The higher ceiling allows more members aged 55 and above to fully commit their accumulated CPF savings to receive higher monthly payouts, so those who wish to save more for retirement can do so.

The Enhanced Retirement Sum is currently three times the Basic Retirement Sum.

For 2024, the Basic Retirement Sum is S$102,900, while the Enhanced Retirement Sum is S$308,700.

From 2025, the Enhanced Retirement Sum will be S$426,000, increased to four times the Basic Retirement Sum.

It was also announced that the CPF contribution rates for those aged 55 to 65 will be raised by a further 1.5 percentage points in 2025.

The government’s CPF Transition Offset for employers will also extended by another year to cover half of the increase in employer contributions for 2025.

CPF Special Account to be closed for those aged 55 and above

The government will also carry out adjustments to rationalise the CPF system, Wong added.

Currently, members aged 55 and above have a Special Account and a Retirement Account.

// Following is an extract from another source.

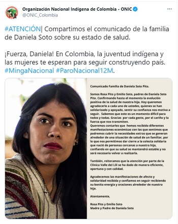 “Somos Rosa Pito y Emilio Soto, padres de Daniela Soto Pito. Confirmando hasta el momento la evolución positiva de la salud de nuestra hija”, con este mensaje inicia el comunicado oficial que emitió este miércoles la familia de la joven indígena que resultó herida con un disparo en el abdomen, después de las acciones violentas entre habitantes de Cali y la minga indígena el pasado domingo.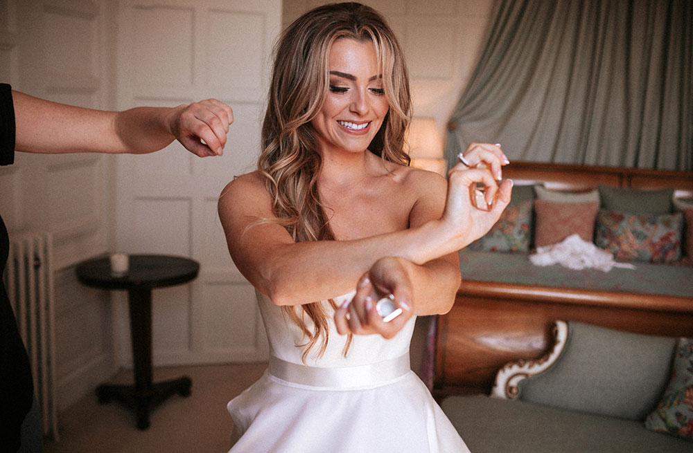 I chose gold strappy Giuseppe zanotti sandals so that I could wear them again… I didn’t want to go for a traditional white pointed bridal pump. I had my hair down as I have so much of it (and I always wear it up at work) so I feel more “done” with it down! I decided to go with less is more so jewellery wise I had little droplet earrings, an eternity ring and then my wedding band and engagement ring. My veil was 12 ft long and custom made, embroidered with “Mr and Mrs Duff” at the edge to give it a modern feel!

From 2025, the government will close the Special Account for those aged 55 and above.

The savings in this account will be transferred to the Retirement Account up to the full retirement sum, where members will continue to earn the long-term interest rate.

The remaining Special Account savings will be transferred to the Ordinary Account.

With the Special Account closure, everyone will have three CPF accounts at any one time.

Those below the age of 55 will continue to have the Ordinary Account, Special Account and MediSave Account, while those aged 55 and above will only have the Ordinary Account, Retirement Account and MediSave Account.

As of now, the Special Account and the Retirement Account hold savings intended for retirement payouts, and both earn the same long-term interest rate of 4 per cent a year.